What needs to be done =>
Everything from the "Шестёрка кубков говорит" line to the final line of the listing should be written out exactly. Skip the pictures.

Provided data =>
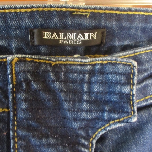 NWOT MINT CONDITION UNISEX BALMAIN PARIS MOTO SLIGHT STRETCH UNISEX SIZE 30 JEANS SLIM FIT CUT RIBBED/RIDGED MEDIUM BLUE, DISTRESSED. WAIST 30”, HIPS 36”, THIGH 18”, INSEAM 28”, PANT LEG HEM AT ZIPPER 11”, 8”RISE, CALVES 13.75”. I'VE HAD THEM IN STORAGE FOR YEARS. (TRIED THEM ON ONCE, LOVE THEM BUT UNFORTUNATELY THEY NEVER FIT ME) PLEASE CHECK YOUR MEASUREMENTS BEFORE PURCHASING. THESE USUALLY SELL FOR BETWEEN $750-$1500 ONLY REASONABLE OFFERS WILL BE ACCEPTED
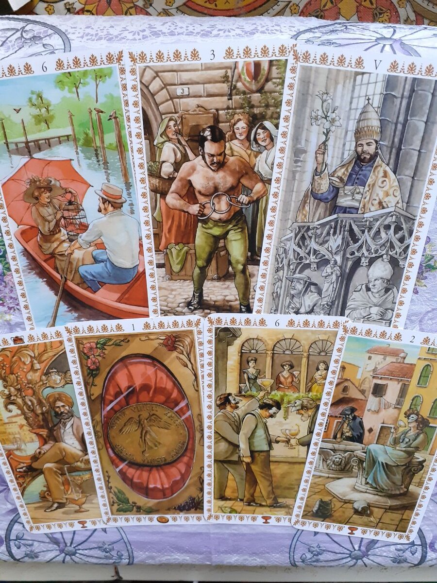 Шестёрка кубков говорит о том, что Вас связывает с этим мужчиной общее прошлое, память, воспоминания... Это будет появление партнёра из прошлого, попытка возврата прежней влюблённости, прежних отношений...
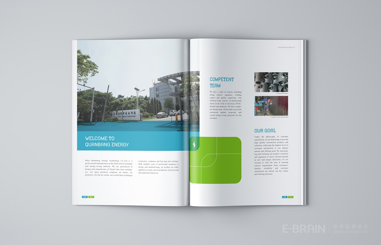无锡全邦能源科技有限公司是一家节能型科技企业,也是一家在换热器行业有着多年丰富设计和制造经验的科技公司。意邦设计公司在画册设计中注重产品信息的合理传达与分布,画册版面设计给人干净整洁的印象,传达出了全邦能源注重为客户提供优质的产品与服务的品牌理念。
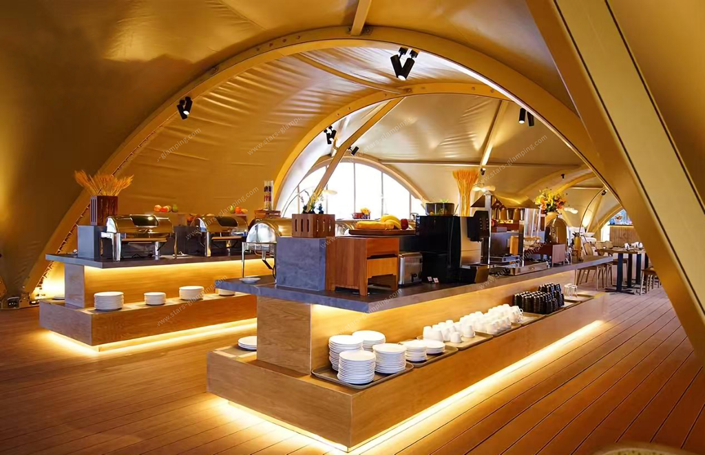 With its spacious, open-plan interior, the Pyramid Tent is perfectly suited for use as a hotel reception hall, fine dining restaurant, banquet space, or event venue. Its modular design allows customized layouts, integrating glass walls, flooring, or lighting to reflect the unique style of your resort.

Reply =>
 Шестёрка кубков говорит о том, что Вас связывает с этим мужчиной общее прошлое, память, воспоминания... Это будет появление партнёра из прошлого, попытка возврата прежней влюблённости, прежних отношений...
无锡全邦能源科技有限公司是一家节能型科技企业,也是一家在换热器行业有着多年丰富设计和制造经验的科技公司。意邦设计公司在画册设计中注重产品信息的合理传达与分布,画册版面设计给人干净整洁的印象,传达出了全邦能源注重为客户提供优质的产品与服务的品牌理念。
 With its spacious, open-plan interior, the Pyramid Tent is perfectly suited for use as a hotel reception hall, fine dining restaurant, banquet space, or event venue. Its modular design allows customized layouts, integrating glass walls, flooring, or lighting to reflect the unique style of your resort.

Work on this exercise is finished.